Action item = In the data below, find the line containing "根据灼识谘询的资料,于202" and the line containing "还有人调侃说这个结果不过是又", then reproduce them and every line between, exactly. Omit pictures.

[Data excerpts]
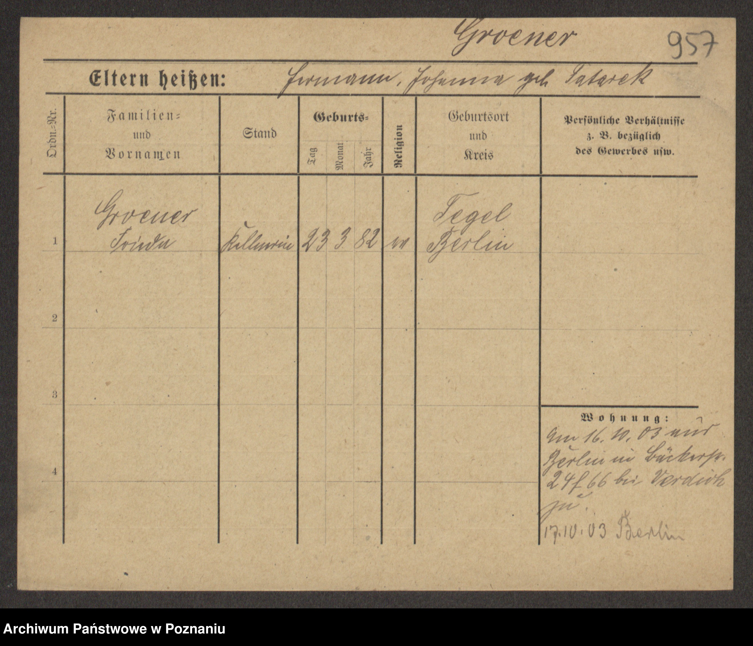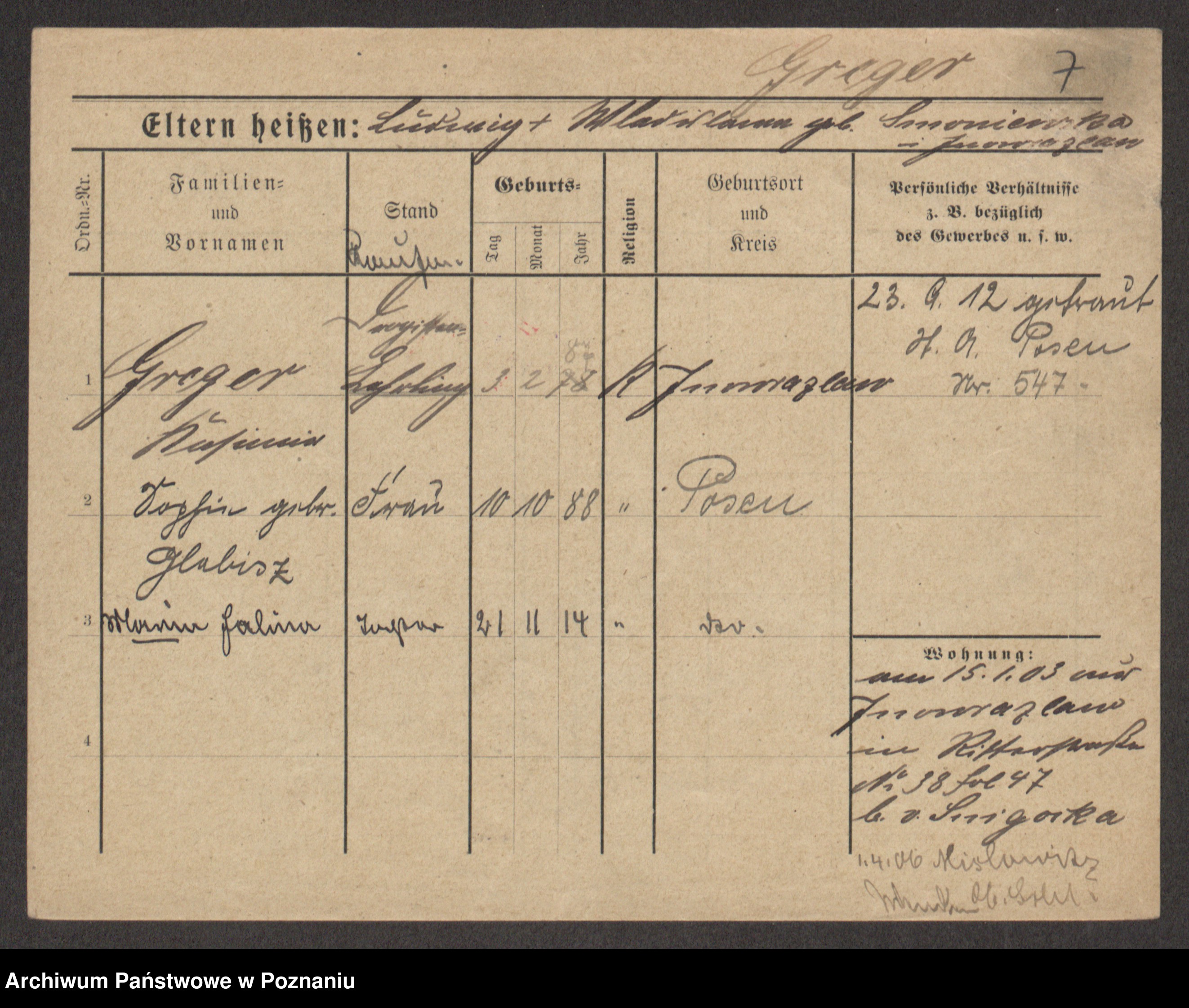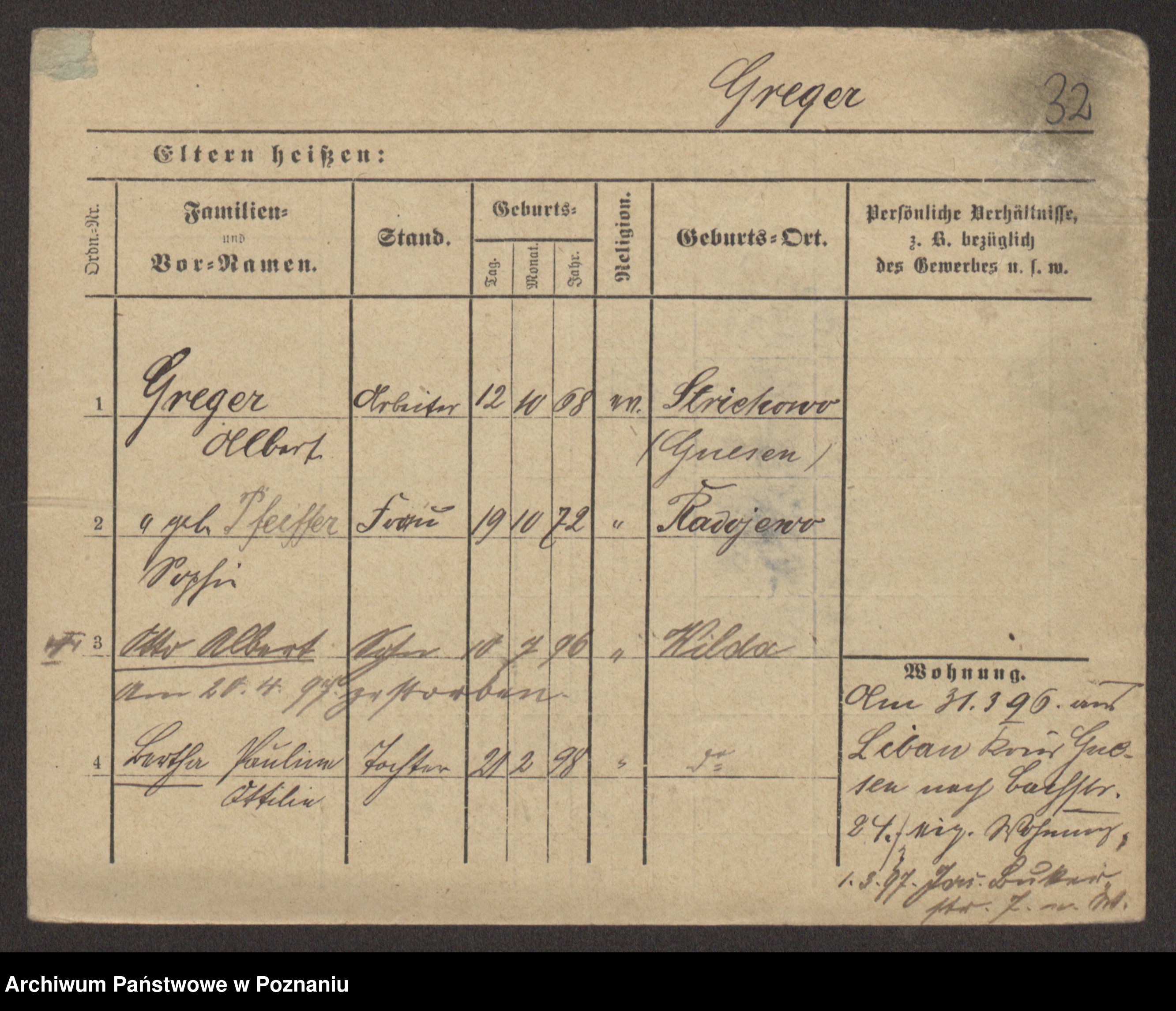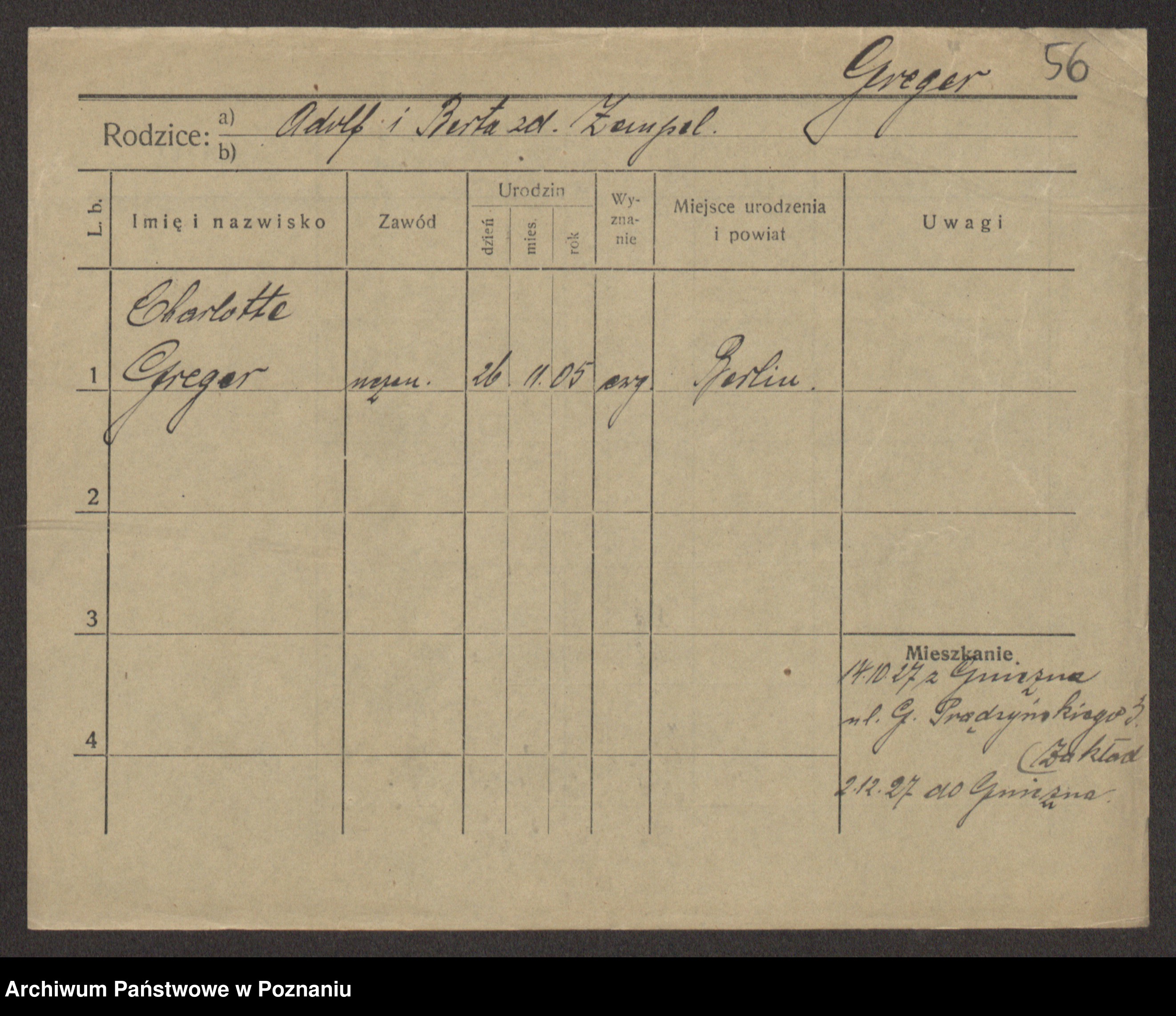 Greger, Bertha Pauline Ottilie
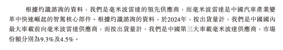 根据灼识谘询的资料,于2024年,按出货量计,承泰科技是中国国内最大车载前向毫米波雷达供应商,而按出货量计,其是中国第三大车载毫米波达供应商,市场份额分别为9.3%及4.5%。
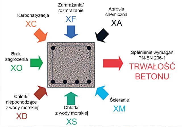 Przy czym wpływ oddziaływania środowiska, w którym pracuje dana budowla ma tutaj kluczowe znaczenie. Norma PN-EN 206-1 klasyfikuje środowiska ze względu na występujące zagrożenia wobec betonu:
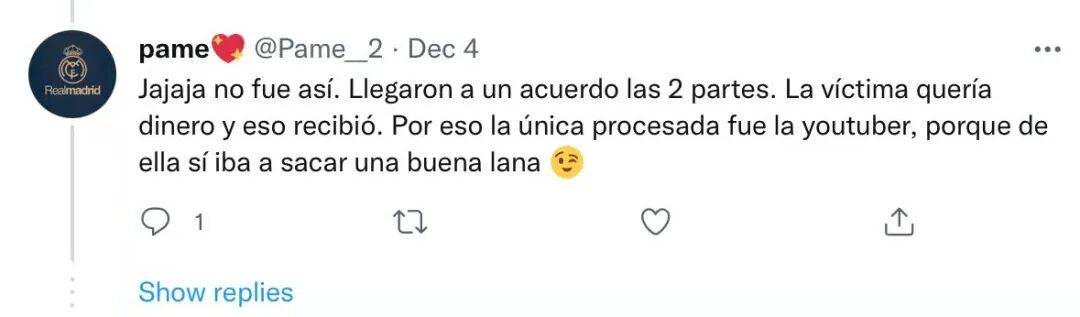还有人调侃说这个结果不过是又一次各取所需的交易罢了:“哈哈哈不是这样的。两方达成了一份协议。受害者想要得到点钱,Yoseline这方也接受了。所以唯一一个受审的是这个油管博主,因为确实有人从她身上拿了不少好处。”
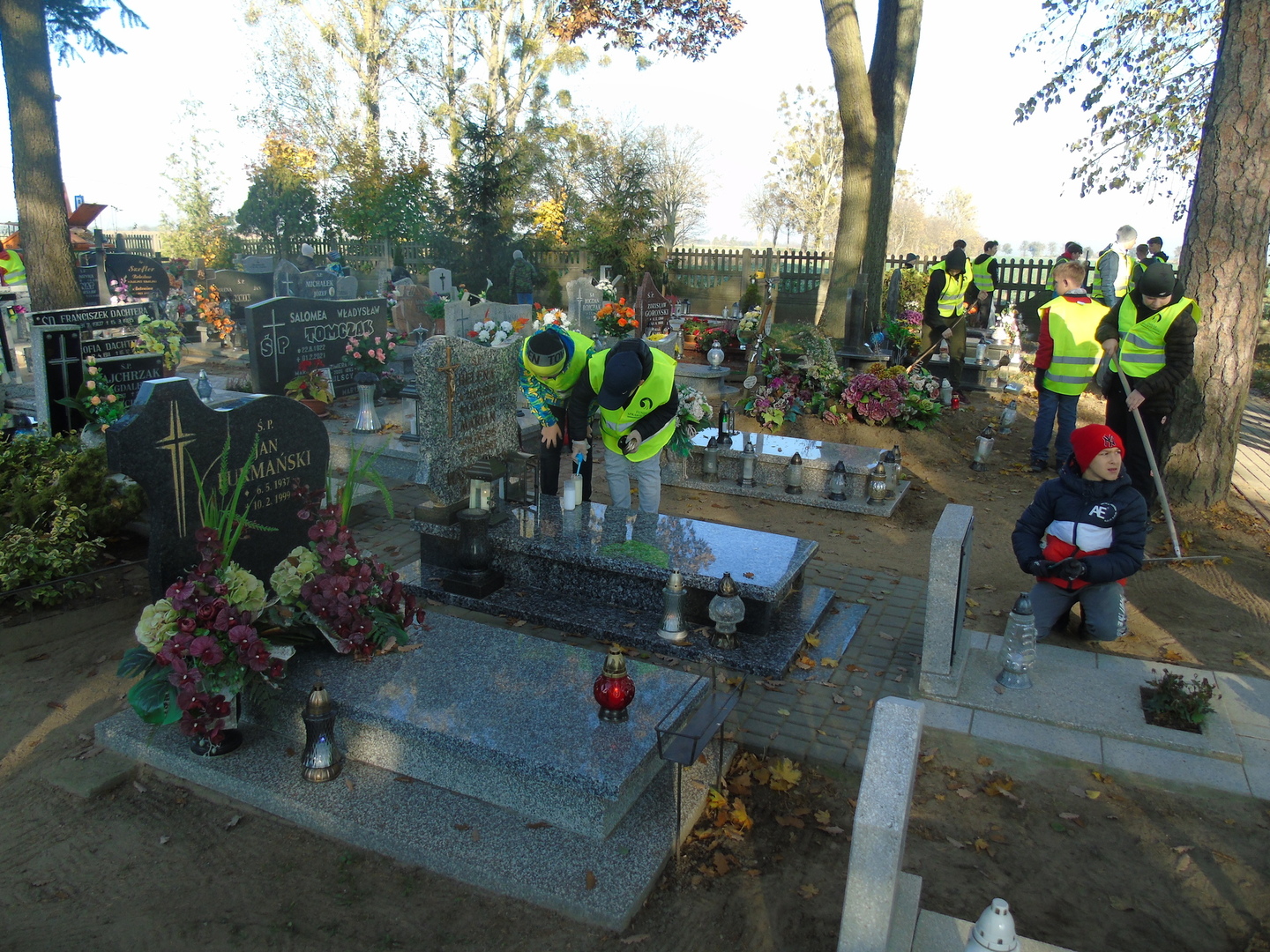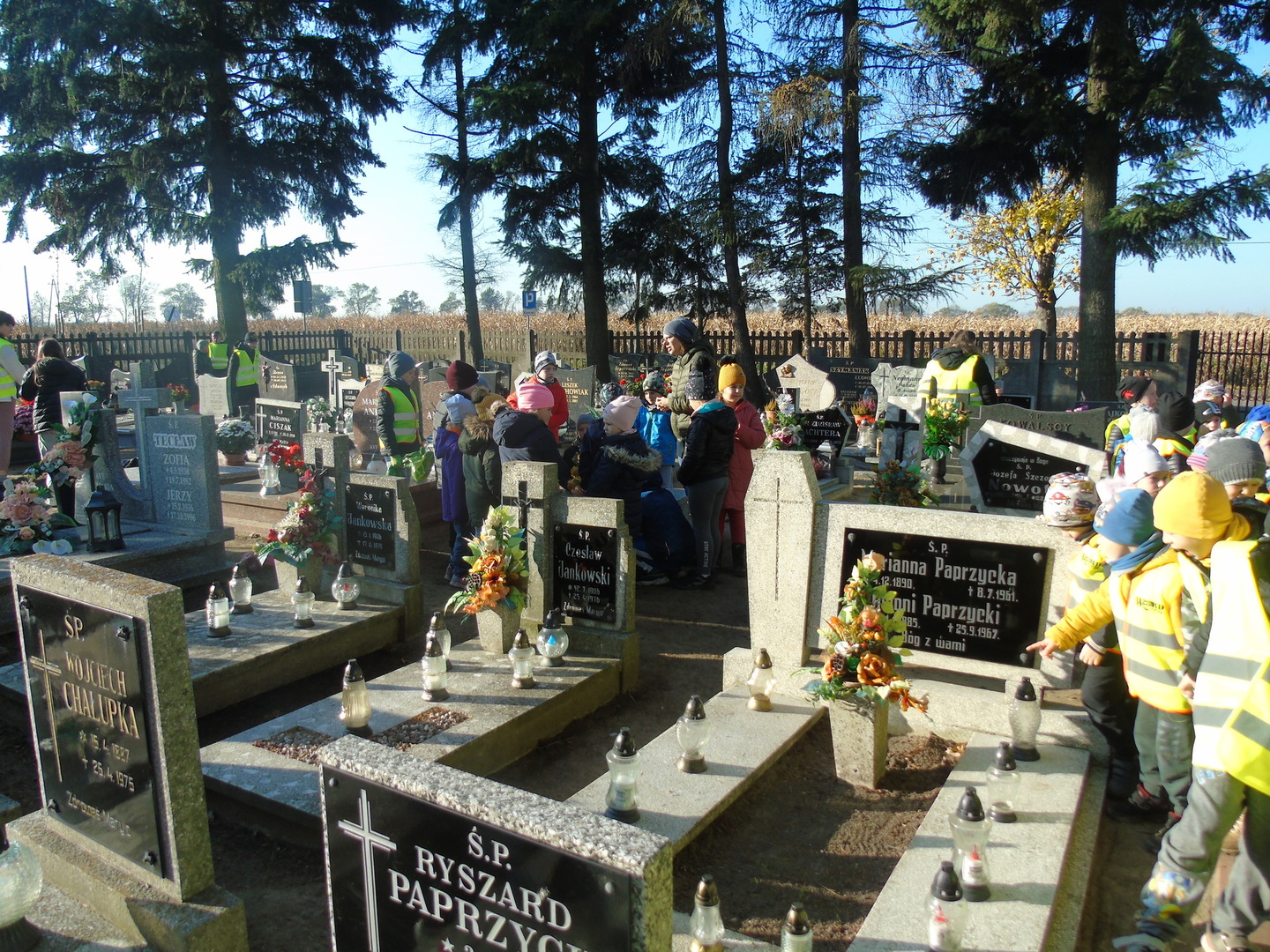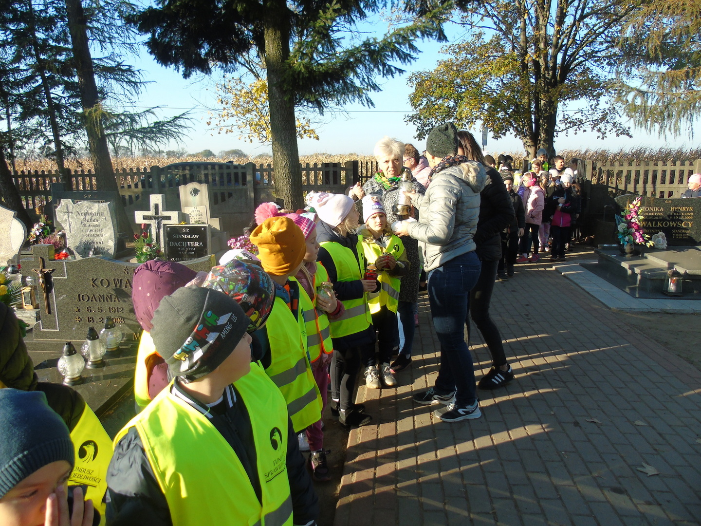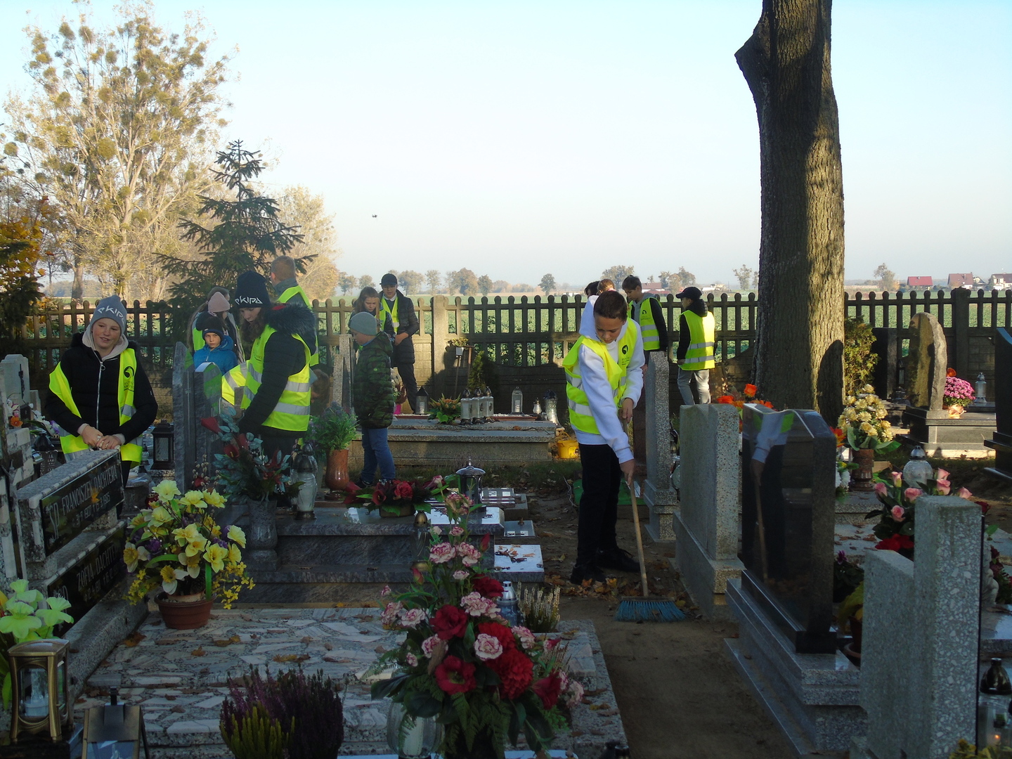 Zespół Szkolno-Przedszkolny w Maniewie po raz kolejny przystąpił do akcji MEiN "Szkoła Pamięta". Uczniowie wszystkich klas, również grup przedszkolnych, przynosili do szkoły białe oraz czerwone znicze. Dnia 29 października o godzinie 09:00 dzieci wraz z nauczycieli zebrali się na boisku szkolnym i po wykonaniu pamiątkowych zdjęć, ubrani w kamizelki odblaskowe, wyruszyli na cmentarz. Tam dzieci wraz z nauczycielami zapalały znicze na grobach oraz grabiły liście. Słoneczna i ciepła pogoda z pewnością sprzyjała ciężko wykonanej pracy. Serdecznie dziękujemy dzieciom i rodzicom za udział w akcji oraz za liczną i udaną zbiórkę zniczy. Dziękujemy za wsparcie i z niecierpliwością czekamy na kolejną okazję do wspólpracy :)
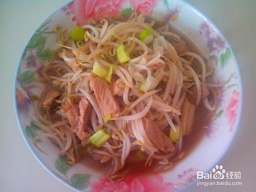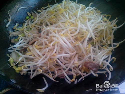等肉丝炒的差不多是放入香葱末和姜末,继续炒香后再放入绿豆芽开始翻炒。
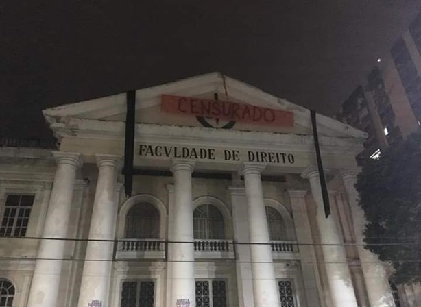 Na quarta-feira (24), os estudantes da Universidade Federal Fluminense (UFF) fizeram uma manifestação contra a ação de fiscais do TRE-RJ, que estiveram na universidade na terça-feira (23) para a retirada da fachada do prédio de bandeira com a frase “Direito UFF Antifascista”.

Output =
 根据灼识谘询的资料,于2024年,按出货量计,承泰科技是中国国内最大车载前向毫米波雷达供应商,而按出货量计,其是中国第三大车载毫米波达供应商,市场份额分别为9.3%及4.5%。
 Przy czym wpływ oddziaływania środowiska, w którym pracuje dana budowla ma tutaj kluczowe znaczenie. Norma PN-EN 206-1 klasyfikuje środowiska ze względu na występujące zagrożenia wobec betonu:
还有人调侃说这个结果不过是又一次各取所需的交易罢了:“哈哈哈不是这样的。两方达成了一份协议。受害者想要得到点钱,Yoseline这方也接受了。所以唯一一个受审的是这个油管博主,因为确实有人从她身上拿了不少好处。”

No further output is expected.